Figure 13.19. Neighbor-discovery link-layer information.

Once per second the nd6_timer() routine walks the neighbor-discovery link-layer address list as well as the default-router and interface lists and removes the entries that have passed their expiration time. Removing stale entries prevents the system from trying to send data to a host that has failed or become unreachable.

13.10 Security

We mentioned in Section 13.9 that a suite of security protocols were developed as part of IPv6. These protocols were written to be independent of a particular version of IP, so they have been integrated into IPv4 and IPv6. At the network layer, security mechanisms have been added to provide authentication so that one host can know with whom it is communicating. Encryption has been added so that data can be hidden from untrusted entities as it crosses the Internet. The protocols that collectively provide security within the network layer are referred to as IPSec.

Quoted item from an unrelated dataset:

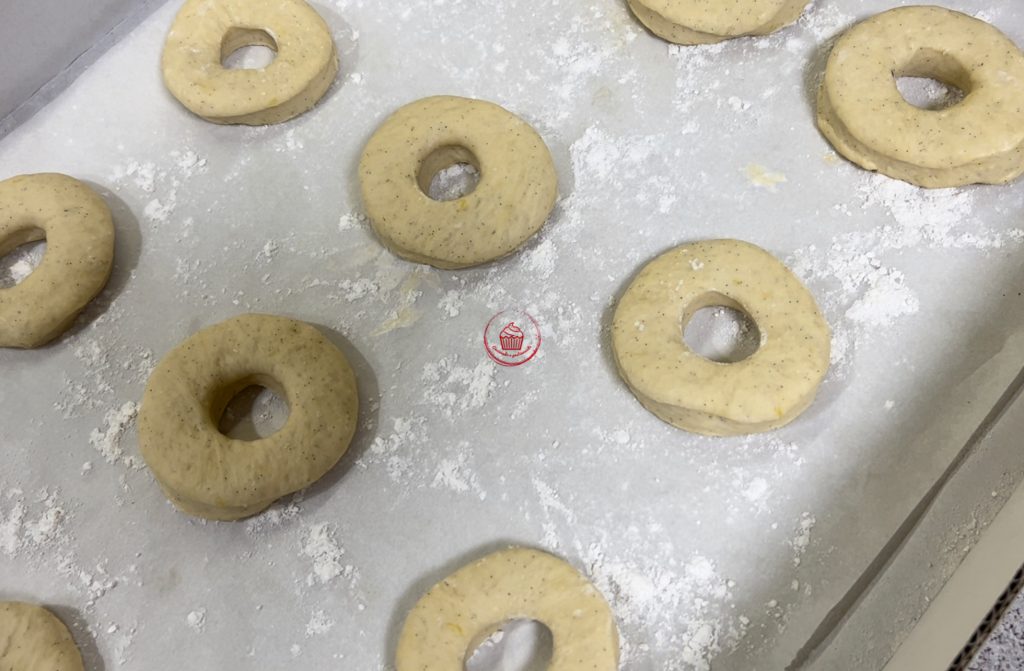• With the donut mold I cut out the donuts which I left to rise for about an hour, they should double in volume.

Placing the security protocols at the network layer within the protocol stack was not an arbitrary decision. It is possible to place security at just about any layer within a communication system. For example, the secure sockets layer (SSL) supports communication security at the application layer and allows a client and a server to communicate securely over an arbitrary network. At the opposite end of the spectrum are the various protocols that support security over wireless networks that work at the data-link layer. The decision to put security at the network layer was made for several reasons:

• The IP protocols act as a uniform platform into which to place the security protocols. Differences in underlying hardware, such as different types of network media, did not have to be taken into account when designing and implementing IPSec because if a piece of hardware could send and receive IP datagrams, then it could also support IPSec.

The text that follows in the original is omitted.